# YOUR TASK
All of the data below should be printed again word for word, pictures excluded.
─── DATA SECTION
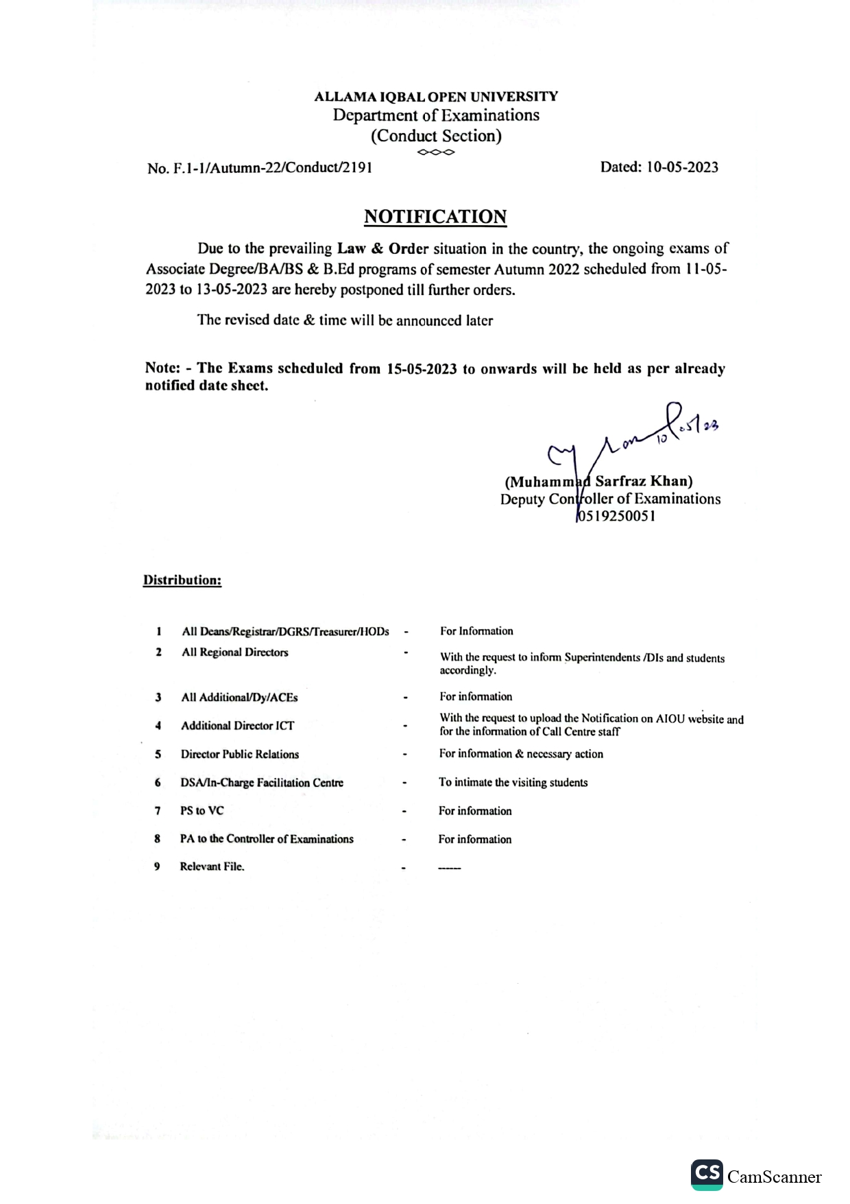 The Allama Iqbal Open University AIOU postponed BA/BSc and B.ed Exams 2023 from 11 May to 13 May 2023. The university issued the official notification regarding the cancellation of papers on 10 May 2023 on the website. So, the ongoing autumn exams are postponed now.
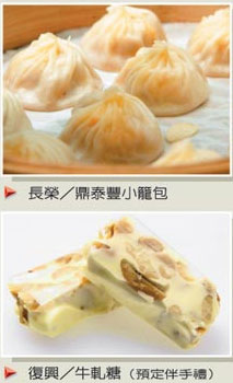 長榮、立榮則依路線、設(shè)計,以目的地餐飲為特色的餐點,由大陸啟程的航班,商務(wù)艙旅客可在抵臺前,吃到紅燒牛肉湯面、臺式三杯雞、鼎泰豐小籠湯包;經(jīng)濟艙則有彰化肉圓、麻油雞與鹵肉飯。
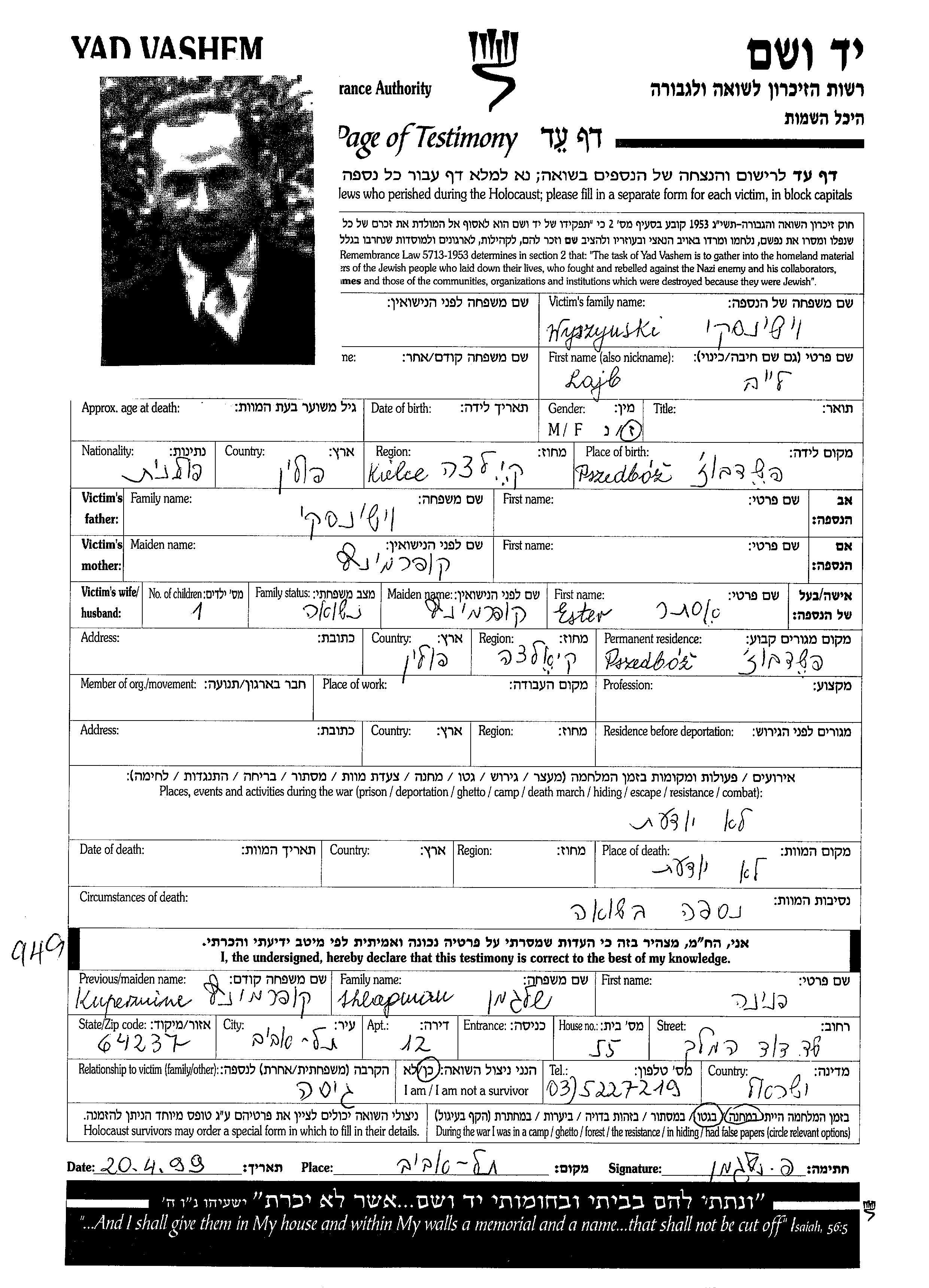 Wyszynski Lajb Przedborz, Pologne Feuille de témoignage
──────
# YOUR SOLUTION
 The Allama Iqbal Open University AIOU postponed BA/BSc and B.ed Exams 2023 from 11 May to 13 May 2023. The university issued the official notification regarding the cancellation of papers on 10 May 2023 on the website. So, the ongoing autumn exams are postponed now.
 長榮、立榮則依路線、設(shè)計,以目的地餐飲為特色的餐點,由大陸啟程的航班,商務(wù)艙旅客可在抵臺前,吃到紅燒牛肉湯面、臺式三杯雞、鼎泰豐小籠湯包;經(jīng)濟艙則有彰化肉圓、麻油雞與鹵肉飯。
 Wyszynski Lajb Przedborz, Pologne Feuille de témoignage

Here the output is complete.